The video in the embodiment of the application can be applied to not only the video playing program of the match type, but also any application scene capable of presenting the video, for example, the video can be applied to some job-seeking programs, some relatives, entertainment programs of multi-party confrontation, and the like. The embodiment of the present application takes the application of the video to the soccer video playing program as an example, but is not limited to this.

In the embodiment of the application, the server W processes the video data uploaded by the user side and the corresponding barrage data to generate a mask file, and the mask file can be sent to each viewing end (i.e., the stream pulling end) by the server W, and each viewing end plays the video information, the mask frame data segment, and the barrage information. Referring to fig. 1, fig. 1 is a system architecture diagram for reading a mask file according to an embodiment of the present application. As shown in fig. 1, a user a, a user B, and a user C view video data, which is processed by a server W and is not displayed in a main area of a video, through a wireless network, and both a user D and a user E view video data, which is processed by the server W and is not displayed in the main area of the video, through a wired network. Only one server W is shown here, and the application scenario here may also include multiple servers in communication with each other. The server W may be a cloud server or a local server. In the embodiment of the present application, the server W is placed on the cloud side. If the server W processes the certain recorded live video data and the bullet screen information, the processed video data is forwarded to the user A, the user B, the user C, the user D and the user E.

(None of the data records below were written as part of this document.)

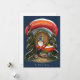 Ilustração original do Gnomo de Becky Nimoy; um gnomo em frente a sua casa de cogumelos com árvores decoradas de natal com falso brilho. A cor de fundo da placa é editável. Use a área de mensagem no verso ou desmarque para adicionar sua própria foto.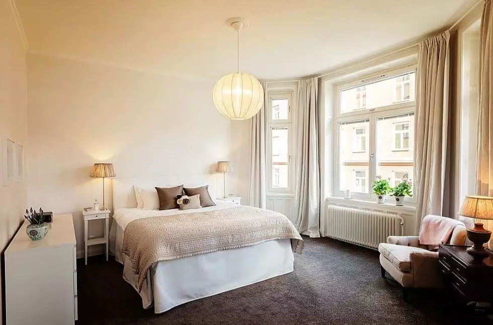 В заключение рассмотрим пример того, как можно придать сдержанному скандинавскому дизайну романтичность и элегантность. Цвет кофе с молоком, утончённые торшеры, подвязанные шторы, окантовка на покрывале, немного лепнины под потолком и рельефные подушки на скамье украшают интерьер, сохраняя общую концепцию.
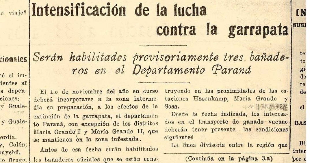 El diario La Mañana informa sobre la campaña de lucha contra la garrapata en varios distritos del departamento Paraná, con la habilitación de tres bañaderos de animales.
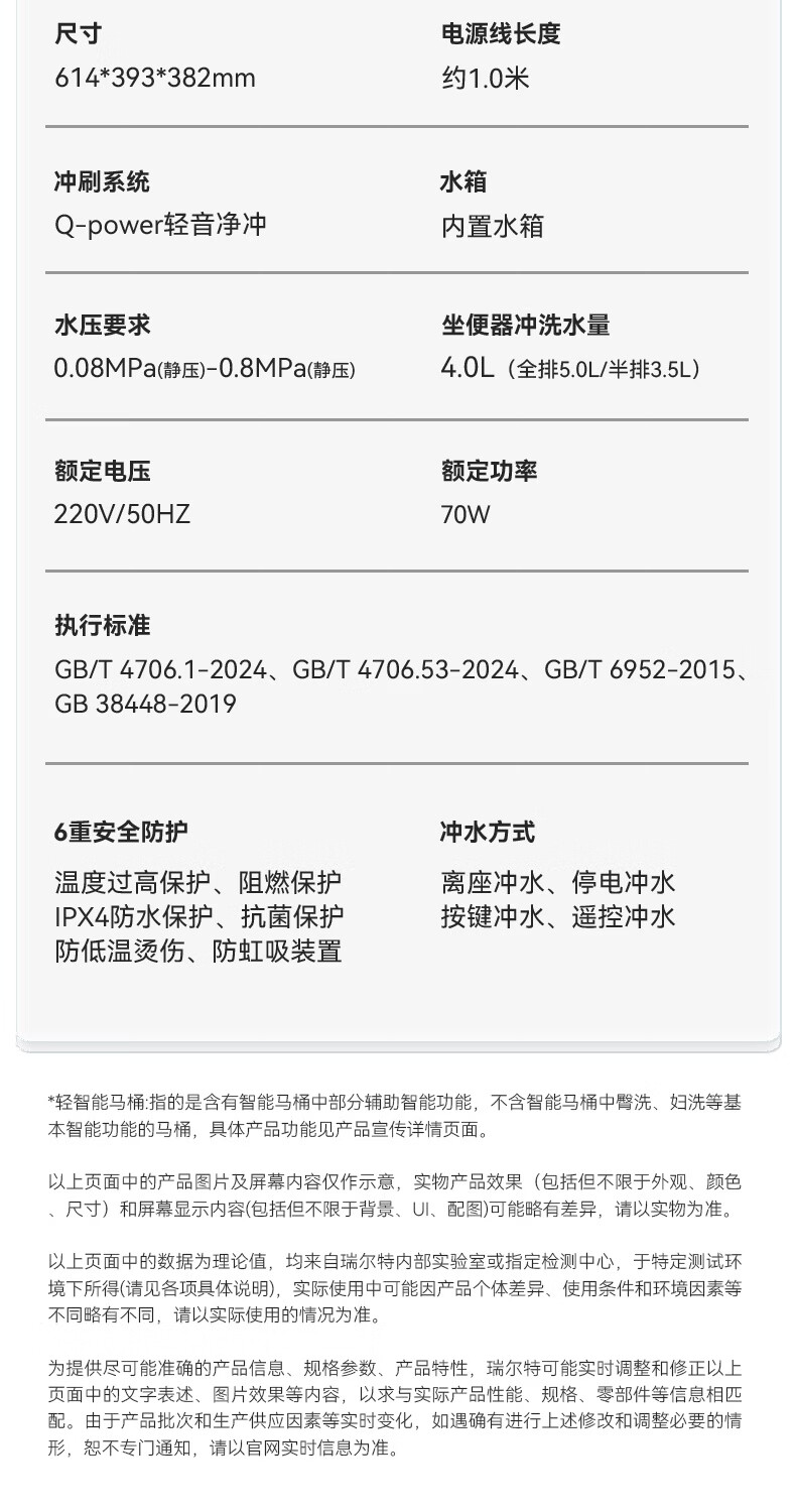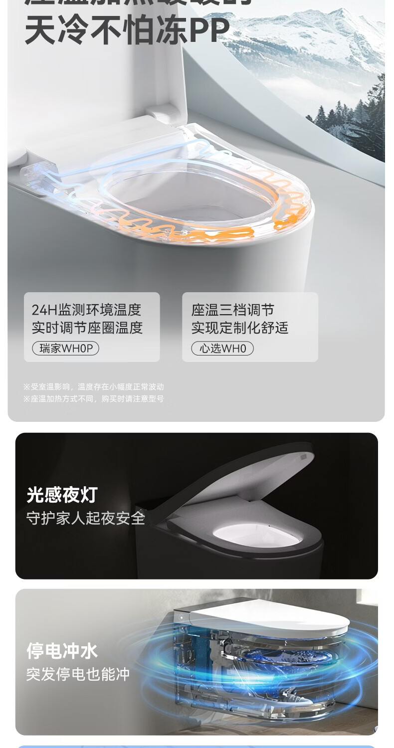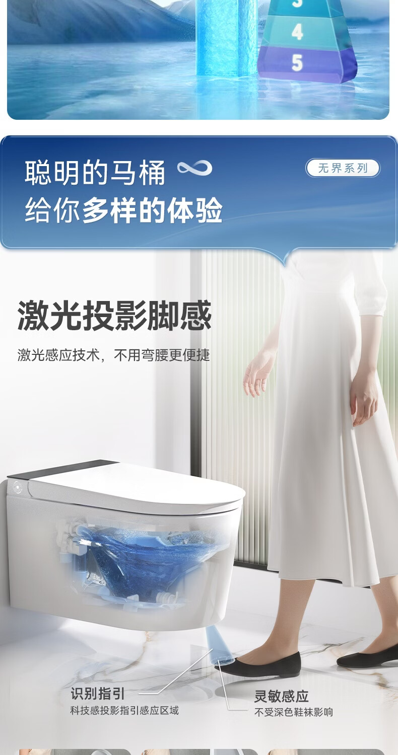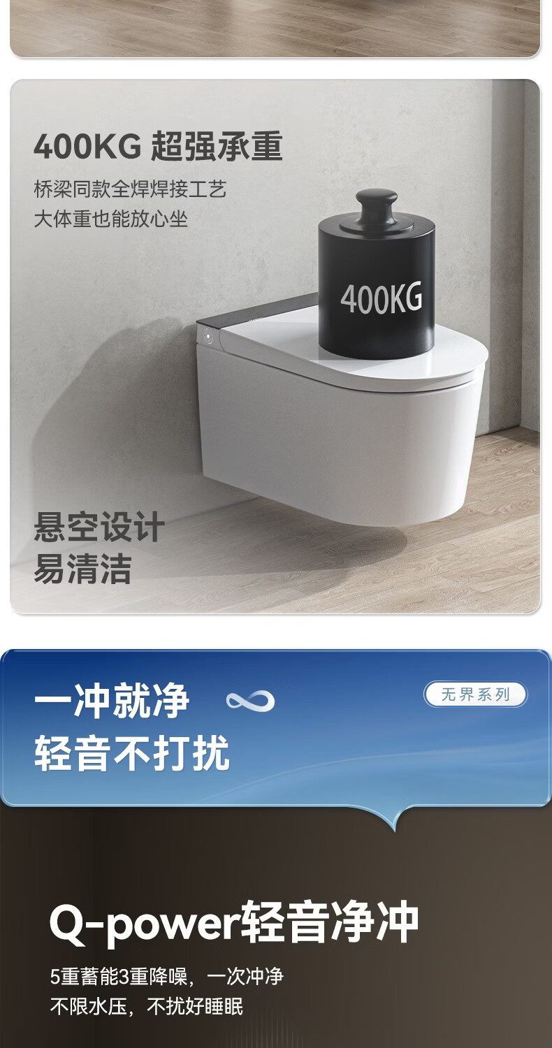 瑞尔特(R&T)瑞尔特无界系列壁挂式轻智能马桶家用自动翻盖一体悬浮电动坐便器 WH0 305/300mm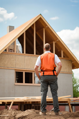 Construction worker standing in front of a new house on a construction site
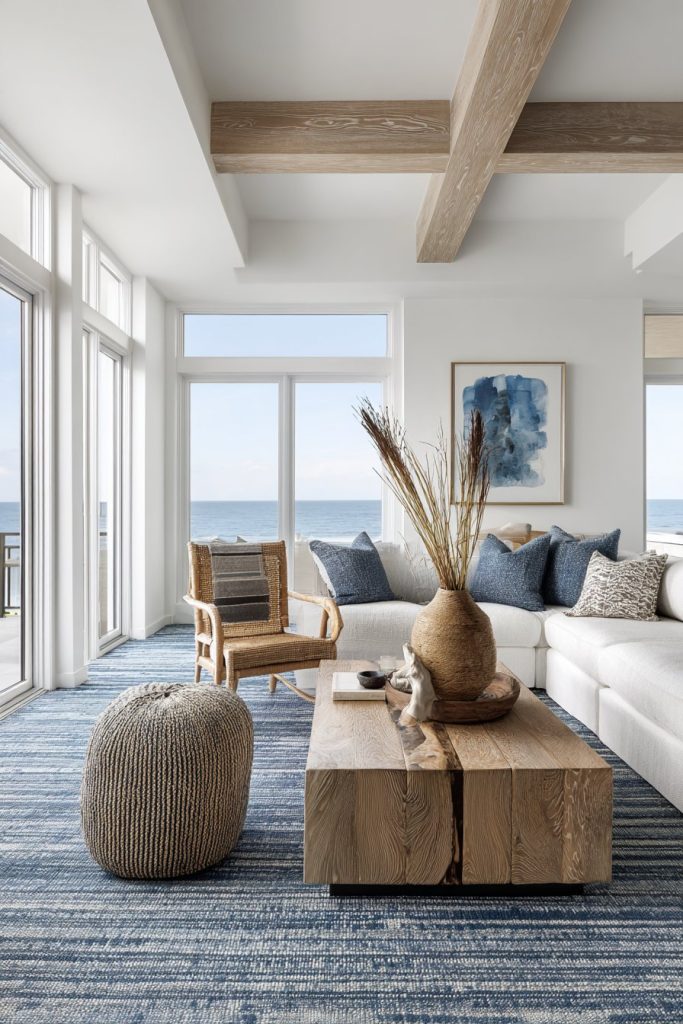 - Select natural fiber rugs for durability and casual coastal aesthetic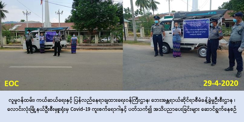 လူမှုဝန်ထမ်း၊ ကယ်ဆယ်ရေးနှင့် ပြန်လည်နေရာချထားရေးဝန်ကြီးဌာန၊ ဘေးအန္တရာယ်ဆိုင်ရာ စီမံခန့်ခွဲမှုဦးစီးဌာန၊ လောင်းလုံးမြို့နယ်ဦးစီးမှူးရုံးမှ တာ၀န်ရှိသူများသည် (၂၉-၄-၂၀၂၀)ရက် နေ့တွင် လောင်းလုံးမြို့နယ်၊ ရဲတပ်ဖွဲ့မှူးရုံးနှင့်ပူးပေါင်း၍ လောင်းလုံးမြို့ပေါ်တွင် ခရီးသွား ပြည်သူများအား Mask များဖြန့်ဝေခြင်း၊ Covid-19 နှင့်ပတ်သက်၍ အသိပညာပေးခြင်းနှင့် တနင်္သာရီတိုင်းဒေသကြီး၊ ထား၀ယ်ခရိုင် ၊ လောင်းလုံးမြို့နယ်၊ ကဒက်ကြီးကျေးရွာ၊ ပြင်ကျောင်း ကျေးရွာ၊ ကြက်ယက်တွင်းကျေးရွာတို့တွင် လော်စပီကာတို့ဖြင့် လတ်တလော အသက်ရှူ လမ်းကြောင်းဆိုင်ရာရောဂါ (Covid-19) ကြိုတင်ကာကွယ်ထိန်းချုပ်နိုင်ရန် အများပြည်သူသို့ အသိပညာပေးပန်ကြားချက်များအား လှည့်လည်ကြေညာခြင်းနှင့် အသိပညာပေး ဗီနိုင်းပိုစတာများ ကပ်ခြင်းတို့ကို ဆောင်ရွက်ခဲ့ကြောင်း သတင်းရရှိပါသည်။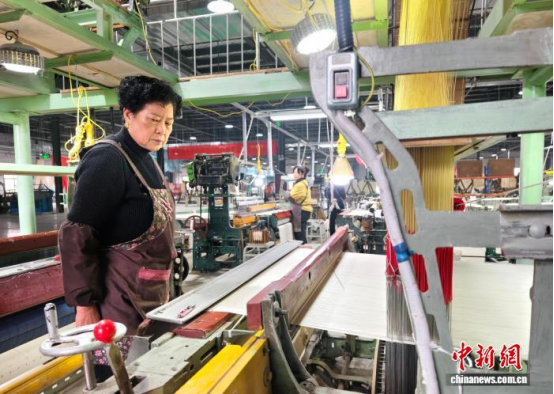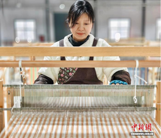 圖為工人在手工織機(jī)上織圍巾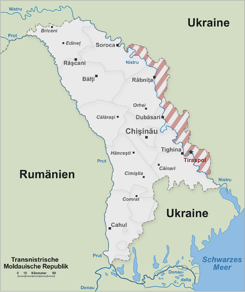 Der russische Name Pridnestrowje (dt. Transnistrien) bedeutet in etwa „Land am Dnestr“: das ist die russische Namensform des Flusses Dnister. Das völkerrechtlich zur Republik Moldau gehörende Gebiet liegt östlich des Flusses Dnister, am rechten Ufer / © Wikipedia/Perconte unter CC BY-SA 2.0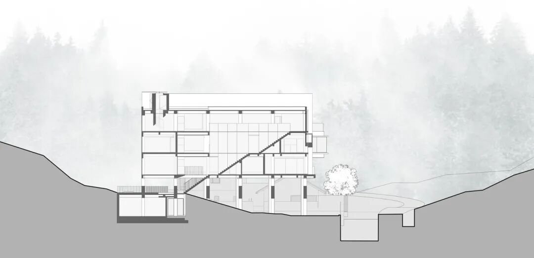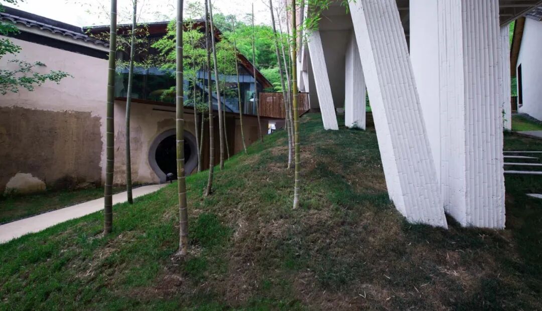 老宅、新房、山林在架空层里交叠,围合出有趣的灰空间;场地通过自然化的草坡与原有的山林紧密相连,也顺势将后山的景致揽入其中。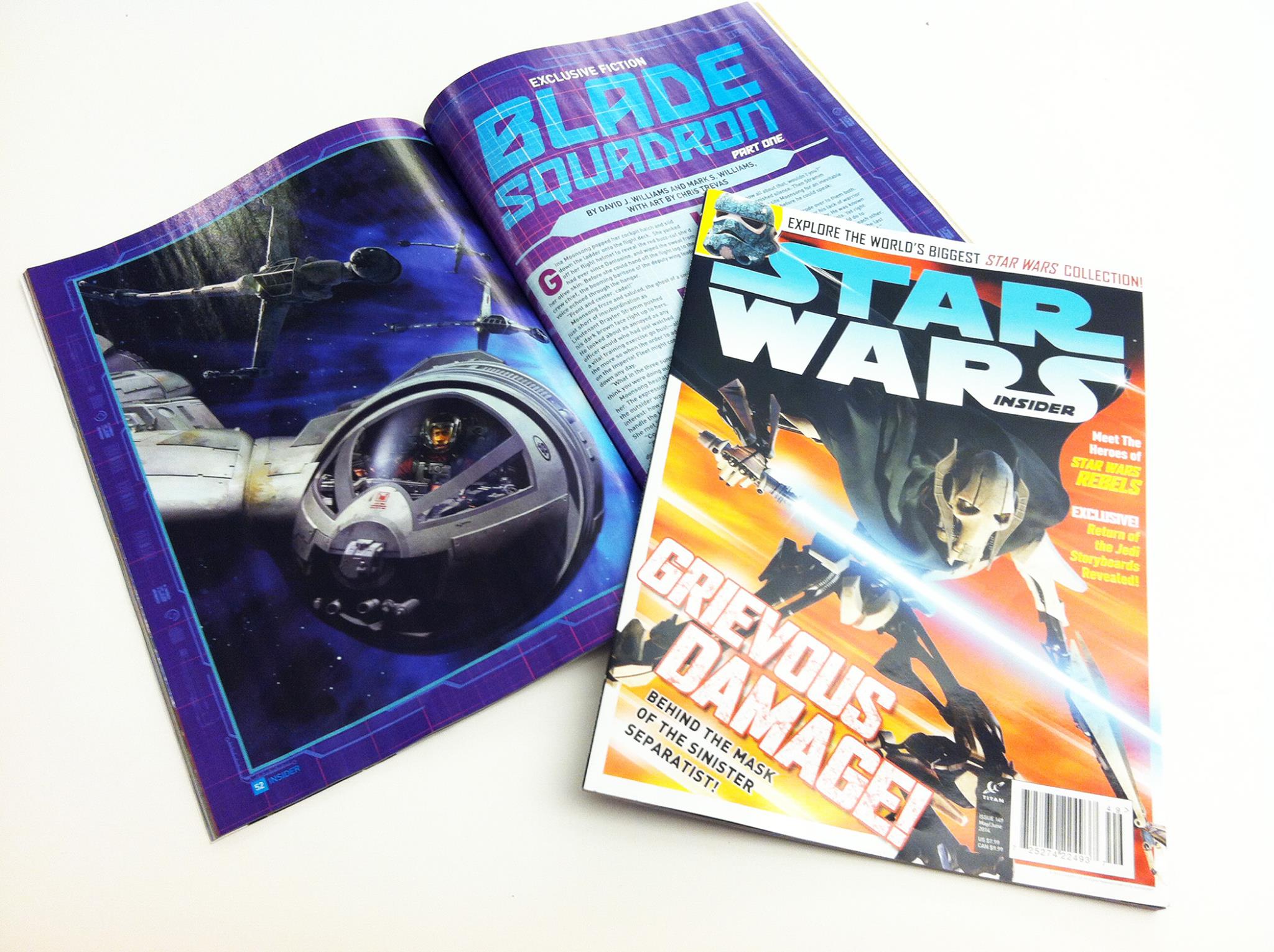 Wir haben euch ja von der zweiteiligen Kurzgeschichte Blade Squadron des Autorenduos David J. Williams und Mark S. Williams berichtet, die in den Star Wars Insider-Ausgaben #149 und #150 erscheinen wird (Mai bzw. Juni 2014) und während der Schlacht von Endor angesiedelt ist. Zu diesem B-Wing-Abenteuer hat die Facebook-Seite Star Wars Books einen neuen Teaser veröffentlicht, der den aufgeschlagenen Insider zeigt…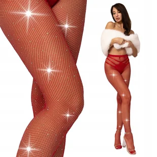 Rajstopy KABARETKI czerwone kryształki CYRKONIE SEXY eleganckie ONE SIZE Czerwone Seksowne Rajstopy Kabaretki – Odważny Akcent dla Każdej Stylizacji Podkręć ...

The invention provides a mask file for solving the defect that viewing is influenced by too many bullet screens in the prior art. Referring to fig. 2, which is a structure of a mask file according to a preferred embodiment of the present invention, it can be seen that the mask file provided in the present embodiment is described.

The mask file structure (as shown in FIG. 2) may include: at least one mask frame data segment, an identification unit and an index unit (i.e., a location frame list); wherein:

the mask frame data section is composed of at least one mask frame data which is arranged according to a preset time length and the time sequence of a timestamp of the mask frame.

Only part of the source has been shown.